* _WHAT THE EXERCISE ASKS_:
Restate word for word all of the lines below, with each image left out.

* _RAW DATA_:
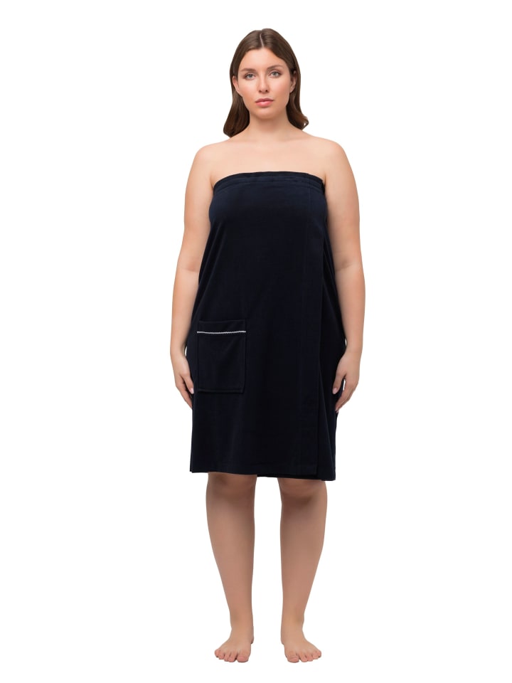 Махровый килт с застежкой-липучкой. Эластичные манжеты сзади, накладной карман.
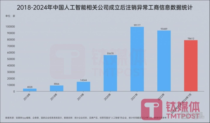 据钛媒体AGI从企查查处统计,自2022年11月底到2024年7月29日,国内新注册成立后现在却处于注销吊销或停业异常状态的AI相关公司数量达78612家,接近8万家企业,占同期新注册87.8万家企业总量的8.9%。
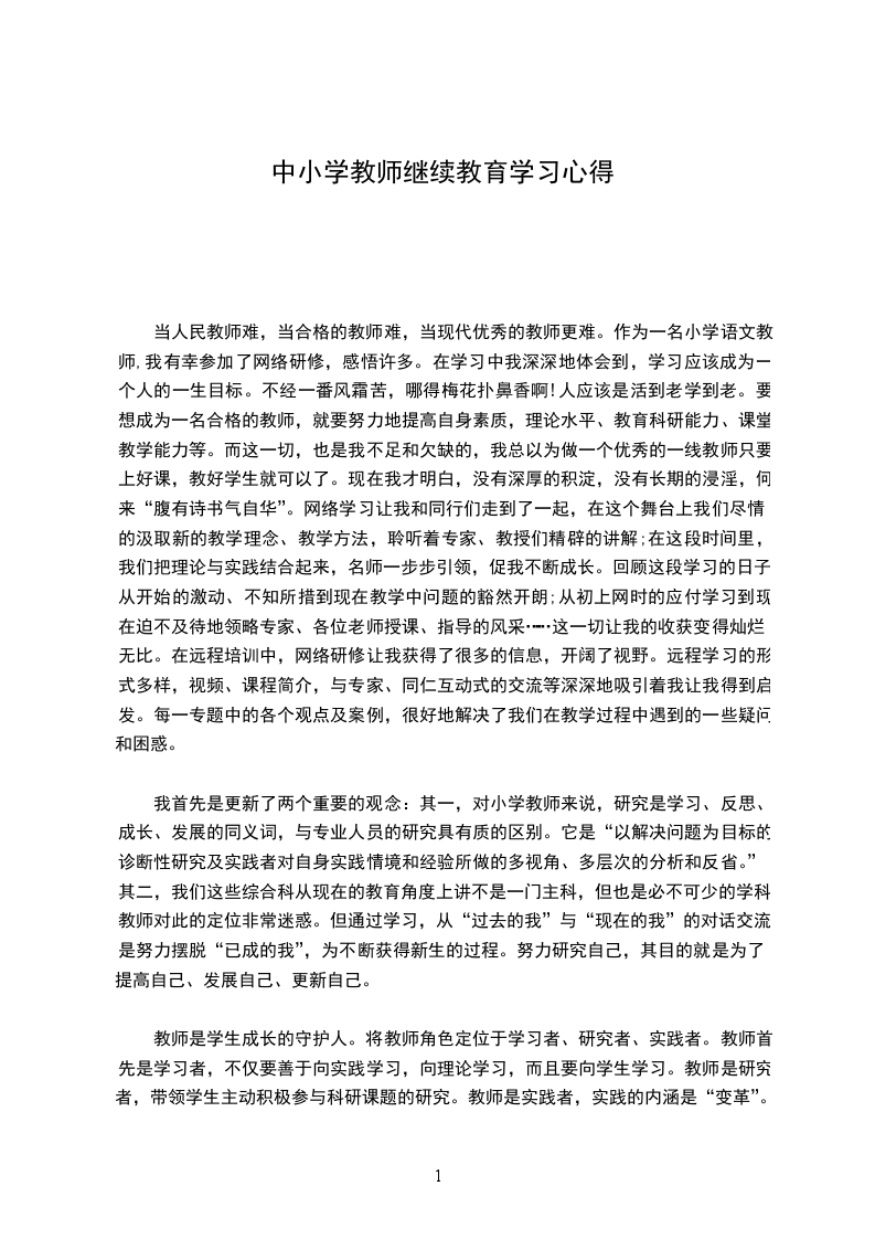 我首先是更新了两个重要的观念:其一,对小学教师来说,研究是学习、反思、成长、发展的同义词,与专业人员的研究具有质的区别。它是“以解决问题为目标的诊断性研究及实践者对自身实践情境和经验所做的多视角、多层次的分析和反省。”其二,我们这些综合科从现在的教育角度上讲不是一门主科,但也是必不可少的学科。教师对此的定位非常迷惑。但通过学习,从“过去的我”与“现在的我”的对话交流,是努力摆脱“已成的我”,为不断获得新生的过程。努力研究自己,其目的就是为了提高自己、发展自己、更新自己。
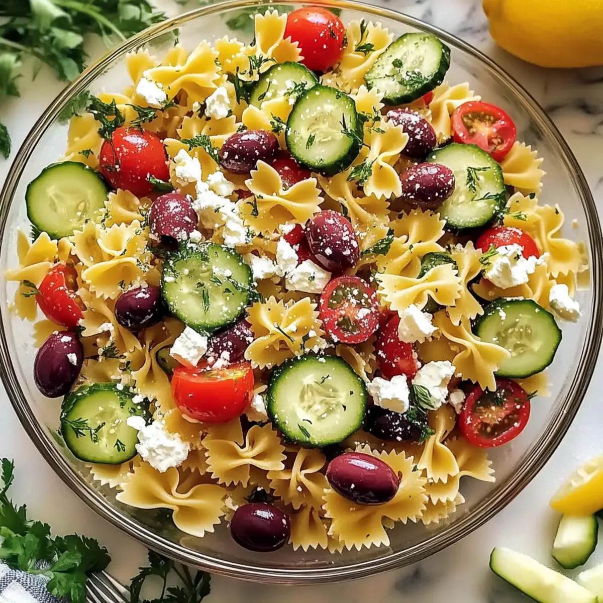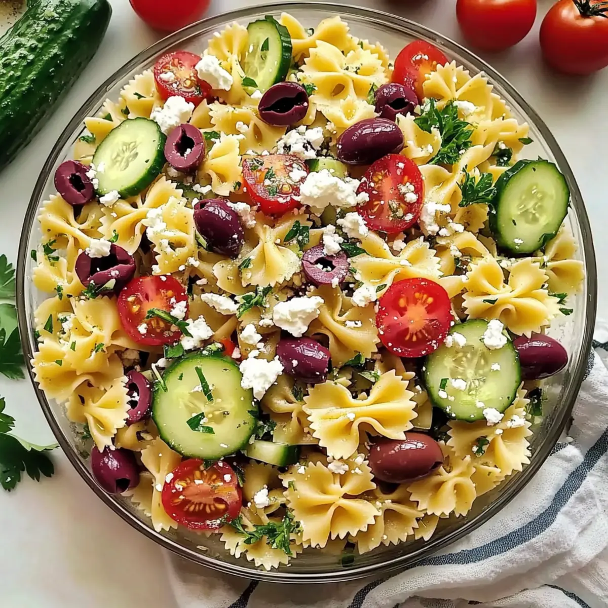 - In a large bowl, combine warm pasta and dressing. Toss to coat, then fold in cucumbers, cherry tomatoes, olives, feta, red onion, and parsley. Mix gently.

* _SOLUTION BELOW_:
 Махровый килт с застежкой-липучкой. Эластичные манжеты сзади, накладной карман.
 据钛媒体AGI从企查查处统计,自2022年11月底到2024年7月29日,国内新注册成立后现在却处于注销吊销或停业异常状态的AI相关公司数量达78612家,接近8万家企业,占同期新注册87.8万家企业总量的8.9%。
 我首先是更新了两个重要的观念:其一,对小学教师来说,研究是学习、反思、成长、发展的同义词,与专业人员的研究具有质的区别。它是“以解决问题为目标的诊断性研究及实践者对自身实践情境和经验所做的多视角、多层次的分析和反省。”其二,我们这些综合科从现在的教育角度上讲不是一门主科,但也是必不可少的学科。教师对此的定位非常迷惑。但通过学习,从“过去的我”与“现在的我”的对话交流,是努力摆脱“已成的我”,为不断获得新生的过程。努力研究自己,其目的就是为了提高自己、发展自己、更新自己。
 - In a large bowl, combine warm pasta and dressing. Toss to coat, then fold in cucumbers, cherry tomatoes, olives, feta, red onion, and parsley. Mix gently.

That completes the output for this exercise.